Directions for this task:
Take from the entries below the stretch from the line with "Zum Zeitpunkt des" through the line with "For example, when", and return it exactly, leaving the pictures out.

Source information:
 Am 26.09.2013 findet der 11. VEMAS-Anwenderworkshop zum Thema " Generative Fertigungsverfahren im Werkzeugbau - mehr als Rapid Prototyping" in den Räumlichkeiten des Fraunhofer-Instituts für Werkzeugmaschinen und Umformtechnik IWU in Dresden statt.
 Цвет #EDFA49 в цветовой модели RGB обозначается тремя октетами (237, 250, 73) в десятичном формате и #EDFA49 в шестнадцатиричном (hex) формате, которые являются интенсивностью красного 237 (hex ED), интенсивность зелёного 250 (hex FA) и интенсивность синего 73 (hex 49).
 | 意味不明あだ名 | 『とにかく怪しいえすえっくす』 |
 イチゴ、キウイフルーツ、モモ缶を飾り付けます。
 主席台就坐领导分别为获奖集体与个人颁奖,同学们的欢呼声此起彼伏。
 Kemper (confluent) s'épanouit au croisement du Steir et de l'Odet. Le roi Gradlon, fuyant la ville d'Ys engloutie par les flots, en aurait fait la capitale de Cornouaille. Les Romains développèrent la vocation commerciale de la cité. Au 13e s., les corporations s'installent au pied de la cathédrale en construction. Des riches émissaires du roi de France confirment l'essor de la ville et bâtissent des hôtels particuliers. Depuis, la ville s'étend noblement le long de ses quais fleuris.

* * *

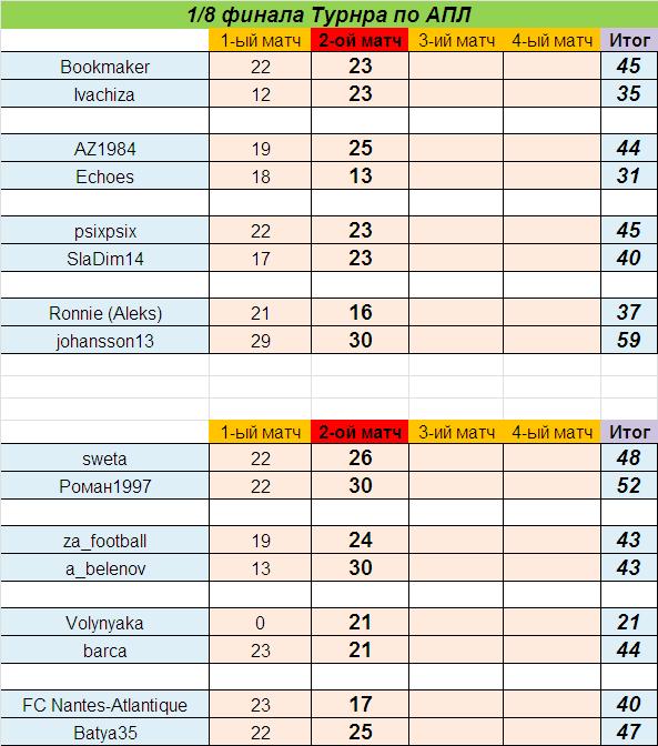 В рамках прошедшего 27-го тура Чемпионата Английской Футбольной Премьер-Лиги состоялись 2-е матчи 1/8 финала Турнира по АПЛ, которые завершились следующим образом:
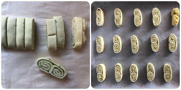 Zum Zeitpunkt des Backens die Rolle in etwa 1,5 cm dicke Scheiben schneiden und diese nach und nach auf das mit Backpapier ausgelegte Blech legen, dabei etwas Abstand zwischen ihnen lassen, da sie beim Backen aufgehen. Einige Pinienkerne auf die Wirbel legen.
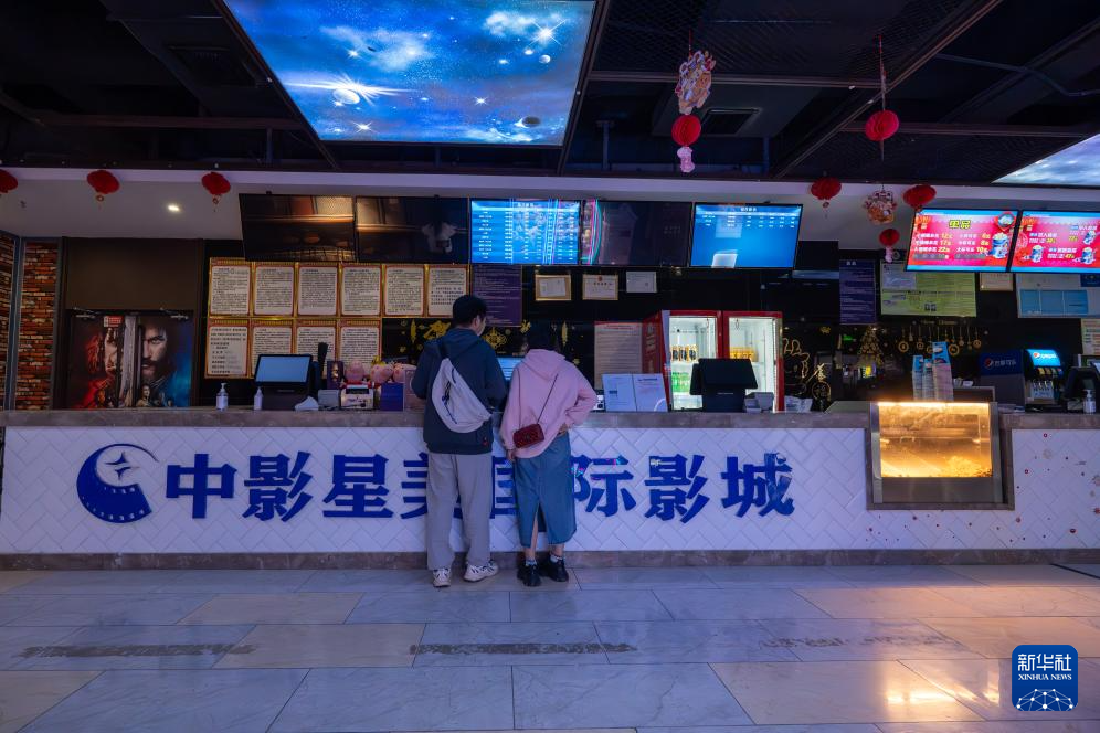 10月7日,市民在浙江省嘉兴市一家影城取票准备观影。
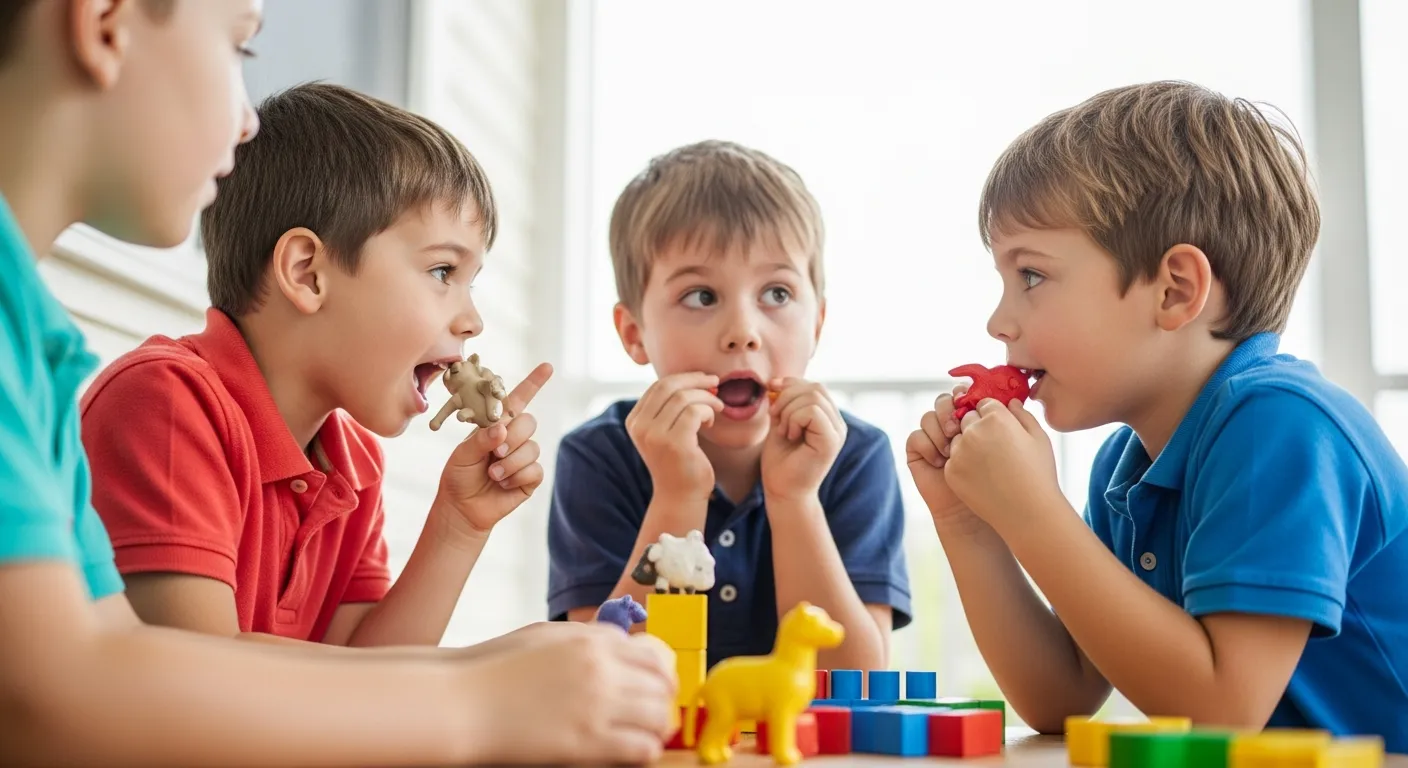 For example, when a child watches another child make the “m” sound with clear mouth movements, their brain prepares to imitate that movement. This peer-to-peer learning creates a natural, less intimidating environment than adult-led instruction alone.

Solved exercise:
 Zum Zeitpunkt des Backens die Rolle in etwa 1,5 cm dicke Scheiben schneiden und diese nach und nach auf das mit Backpapier ausgelegte Blech legen, dabei etwas Abstand zwischen ihnen lassen, da sie beim Backen aufgehen. Einige Pinienkerne auf die Wirbel legen.
 10月7日,市民在浙江省嘉兴市一家影城取票准备观影。
 For example, when a child watches another child make the “m” sound with clear mouth movements, their brain prepares to imitate that movement. This peer-to-peer learning creates a natural, less intimidating environment than adult-led instruction alone.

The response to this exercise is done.